3. Execute 'pcs resource' on the same controller and in its output find a slave instance of RabbitMQ.
4. Log into controller where the found slave instance runs and kill RabbitMQ here with 'kill' command.
5. Once Pacemaker restores killed RabbitMQ, check output of
     rabbitmqctl list_queues messages consumers name | grep scheduler_fanout
   You will find that there are one 'cinder-scheduler_fanout_*' and one 'scheduler_fanout_*' queues from which nobody consumes.

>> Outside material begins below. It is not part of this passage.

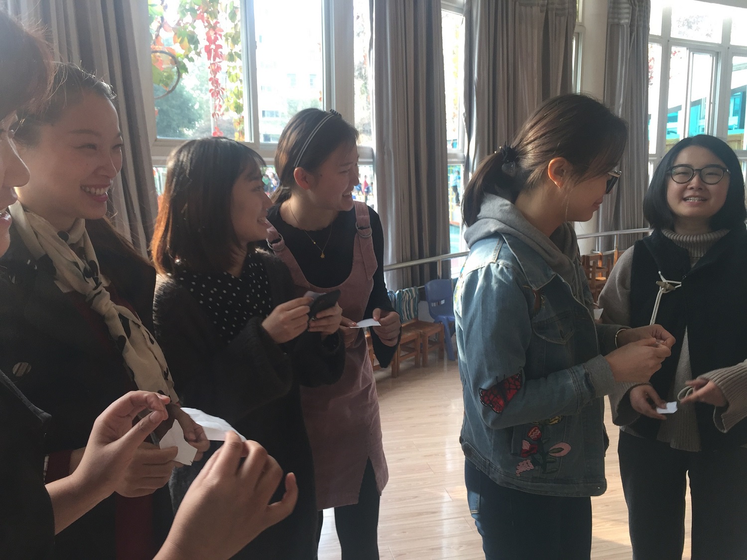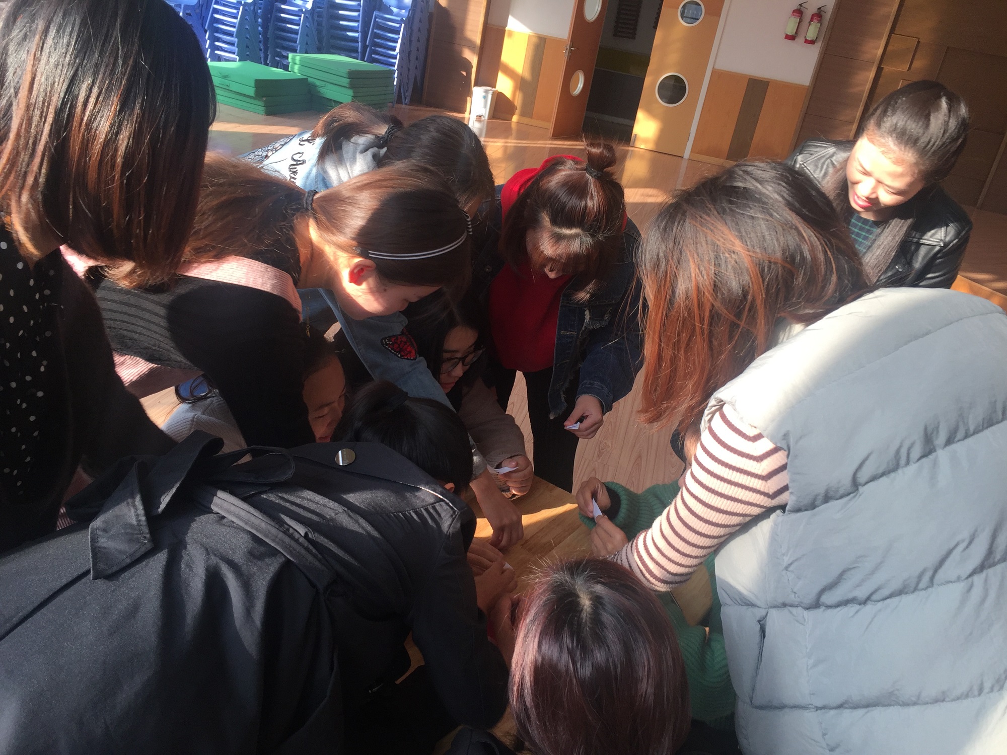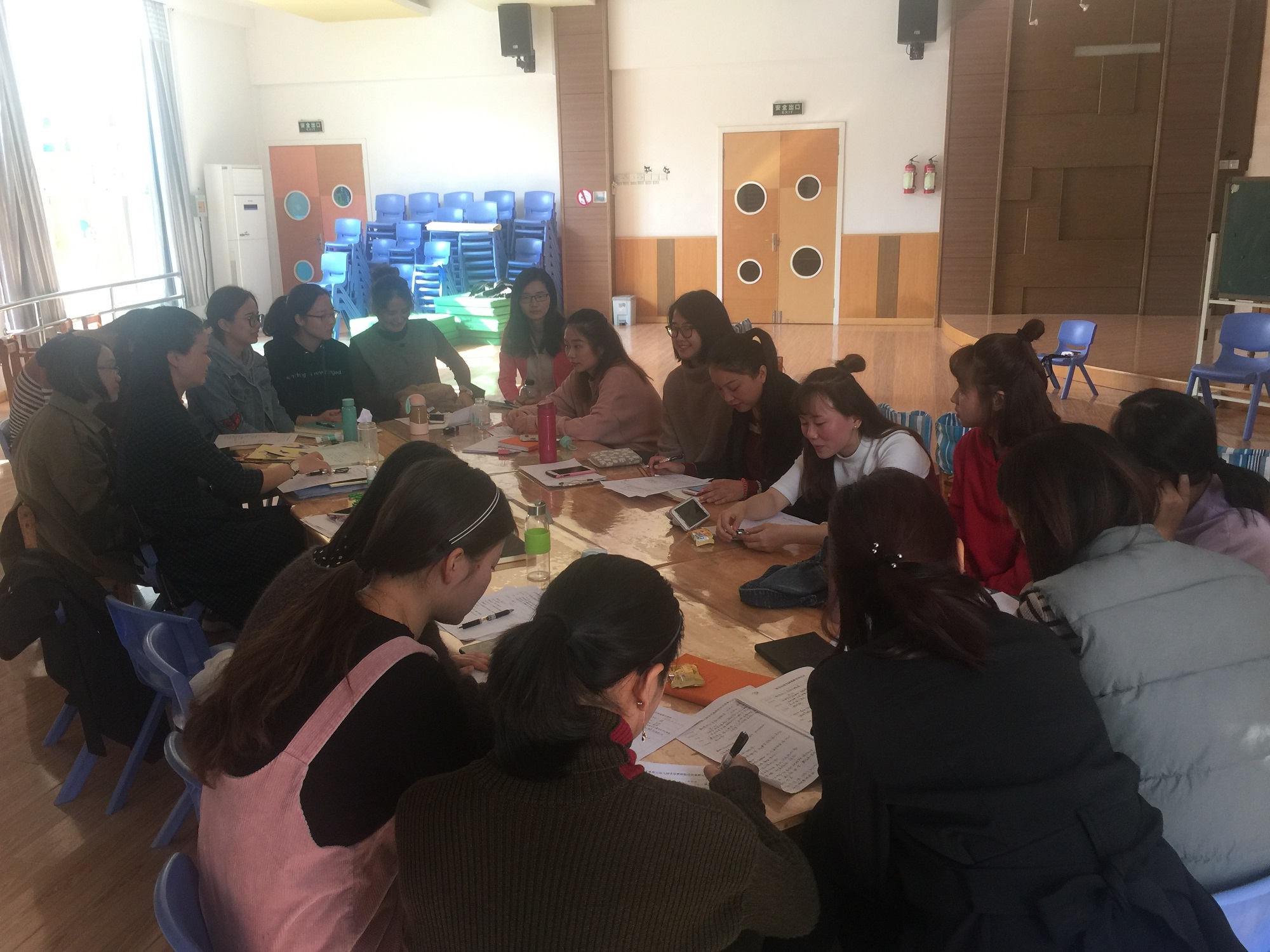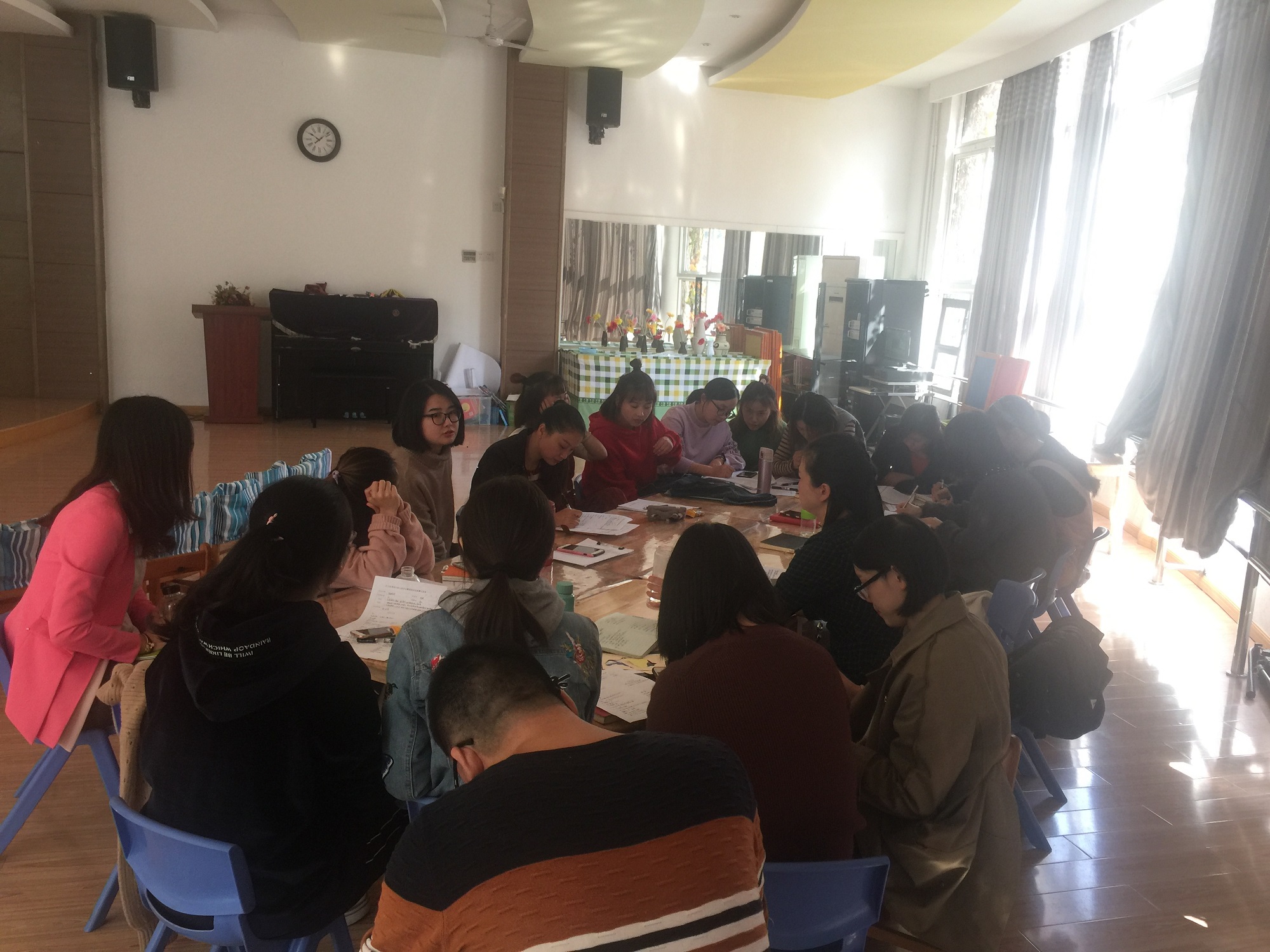 通过抽签,本次教研的展示对象分别是徐燃和李芊老师,配琴的是袁梦婧和孙雪萍老师,抽签结束后,四位老师去准备,其他老师对观摩《幸福的猪小弟》这节活动展开观摩的想法和讨论。老师们各抒己见,表达了自己的一些看法。比如有老师建议,还可以用对唱的形式进行一问一答;图谱的使用不能表达对抽象歌词的理解;幼儿学唱歌曲的形式还可以更多样;手语也可以让幼儿尝试自己创编等等。经过大家如火如荼的讨论结束,展示课就开始了。每个老师在听的过程中都很认真的填写观摩记录表。由于本学期有新的成员的加入,我们邀请李敏老师帮我们还拍了本学期音乐教研组的大合照。

You may find state of the queues in that paste: http://paste.openstack.org/show/476830/

===== RCA

The issue is caused by CR https://review.openstack.org/#/c/132967/21. Here Fuel dumps state of RabbitMQ users, queues, etc. Then, if RabbitMQ slave node restart happens, the OCF script imports the definitions back into RabbitMQ. As a result, *_fanout_* queues, which where dropped previously, get recreated. But nobody consumes from them, and as a result they constantly grow.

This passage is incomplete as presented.